Omitting all images, transcribe the listing word for word.
═══ The records
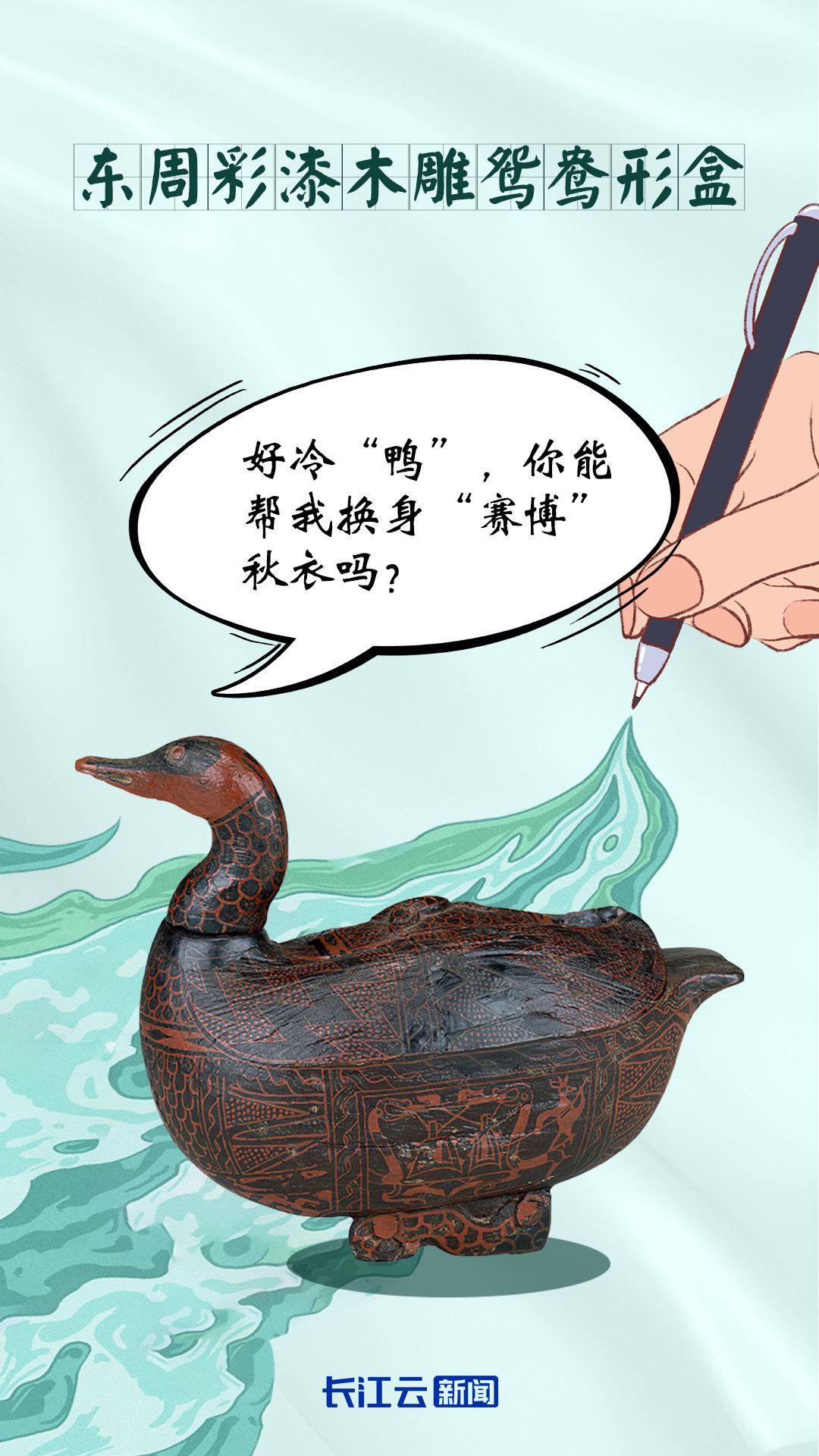 这件东周时期的“萌宠”,是曾侯乙墓出土的第1件文物。它通高 16.5 厘米,身长 20.1 厘米,身宽 12.5 厘米。最初登记为“鸭形盒”,后来有人建议叫“鸳鸯形盒”,被采纳沿用至今。
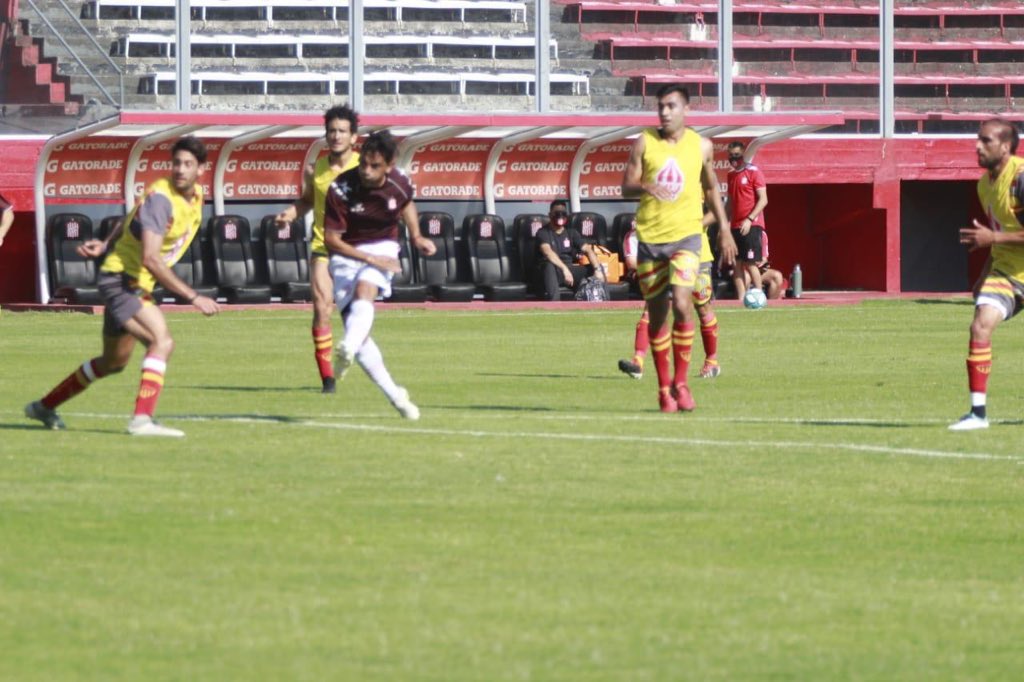El juego se dividió en tres tiempos de 35 minutos lo que permitió que casi todo el plantel tuviera un rato de fútbol. Desde el arranque el Santo salió a la cancha con el esquema con el que solía arrancar antes de la suspensión: cuatro defensores, 5 volantes, y un delantero de área.
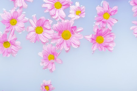 Blooming chamomile flowers on blue background
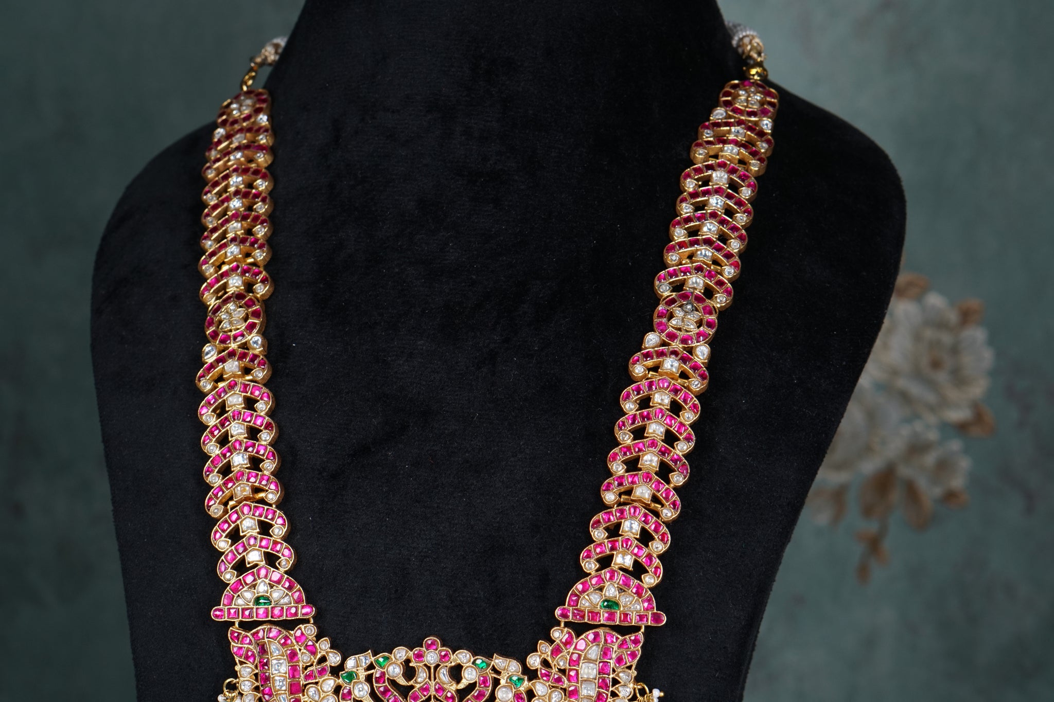 Featuring gold polished real kundan studded necklace in silver mixed with brass metal.
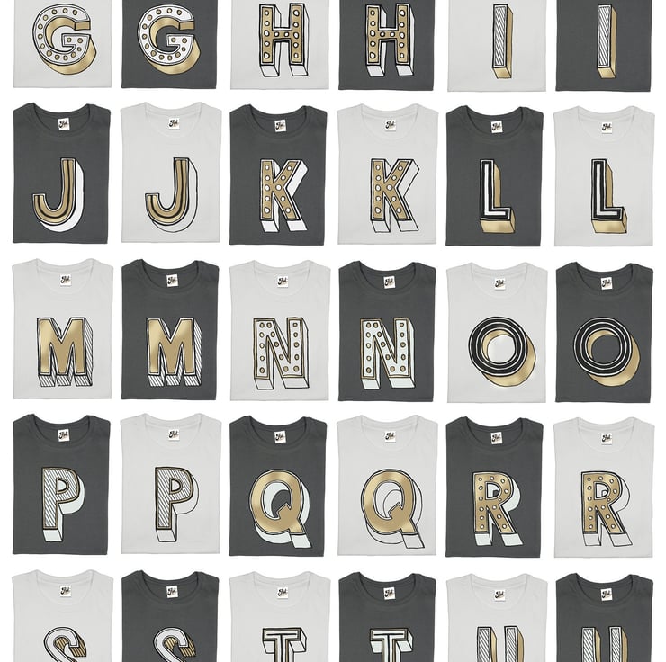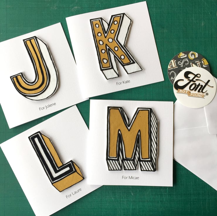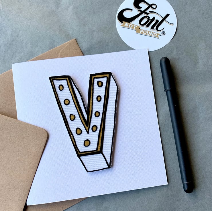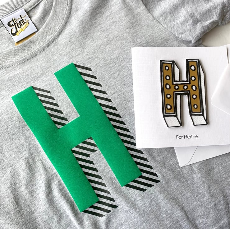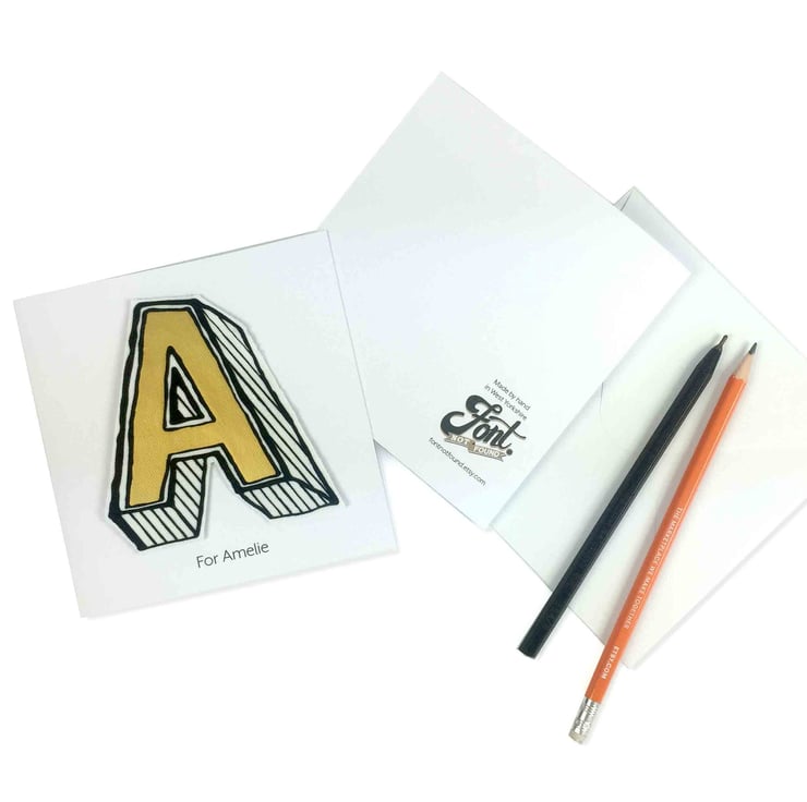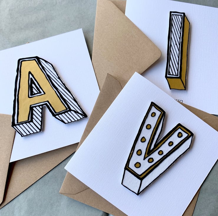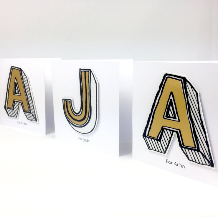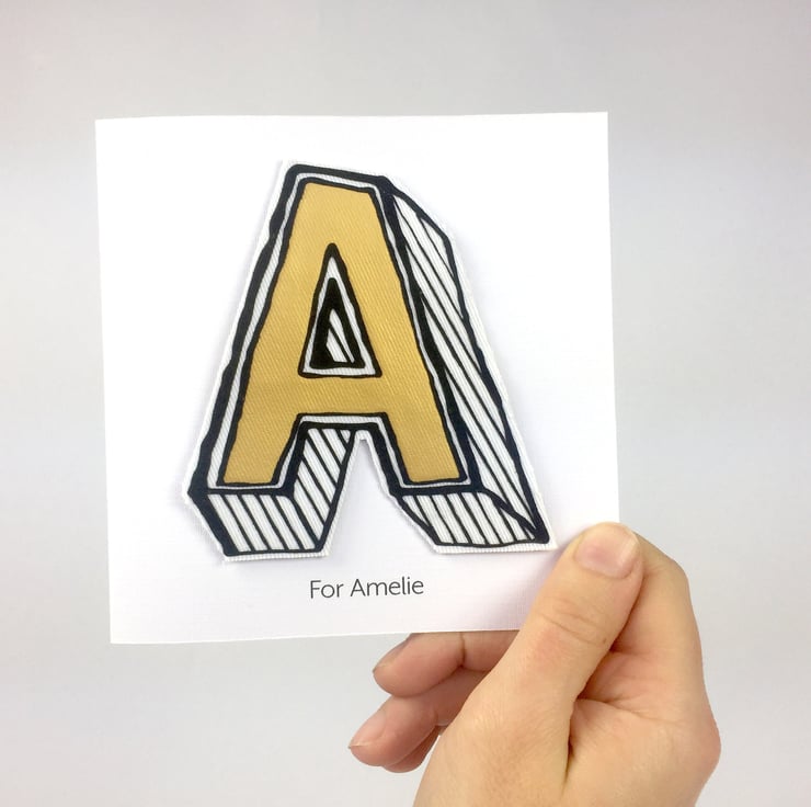 It features our own 'Juniper Red' typeface designed by us- a quirky alphabet (and numbers available), which are a mish-mash of styles. Take a look at the last image to see how your chosen letter will look. Your large letter will be made up of layers of black flock and gold on top of cotton twill fabric, raised up above the quality 280 gsm card.
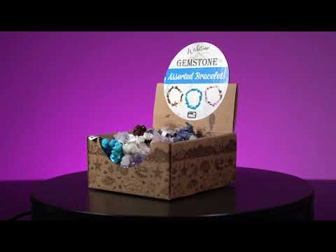 - Skibe tilfældigt mellem 8 forskellige stenarmbånd: rosenkvarts, blå howlite, ametyst, fluorit, sodalit, tiger øje, rockkvarts, hvid musling
══════
Problem solution:
 这件东周时期的“萌宠”,是曾侯乙墓出土的第1件文物。它通高 16.5 厘米,身长 20.1 厘米,身宽 12.5 厘米。最初登记为“鸭形盒”,后来有人建议叫“鸳鸯形盒”,被采纳沿用至今。
El juego se dividió en tres tiempos de 35 minutos lo que permitió que casi todo el plantel tuviera un rato de fútbol. Desde el arranque el Santo salió a la cancha con el esquema con el que solía arrancar antes de la suspensión: cuatro defensores, 5 volantes, y un delantero de área.
 Blooming chamomile flowers on blue background
 Featuring gold polished real kundan studded necklace in silver mixed with brass metal.
 It features our own 'Juniper Red' typeface designed by us- a quirky alphabet (and numbers available), which are a mish-mash of styles. Take a look at the last image to see how your chosen letter will look. Your large letter will be made up of layers of black flock and gold on top of cotton twill fabric, raised up above the quality 280 gsm card.
 - Skibe tilfældigt mellem 8 forskellige stenarmbånd: rosenkvarts, blå howlite, ametyst, fluorit, sodalit, tiger øje, rockkvarts, hvid musling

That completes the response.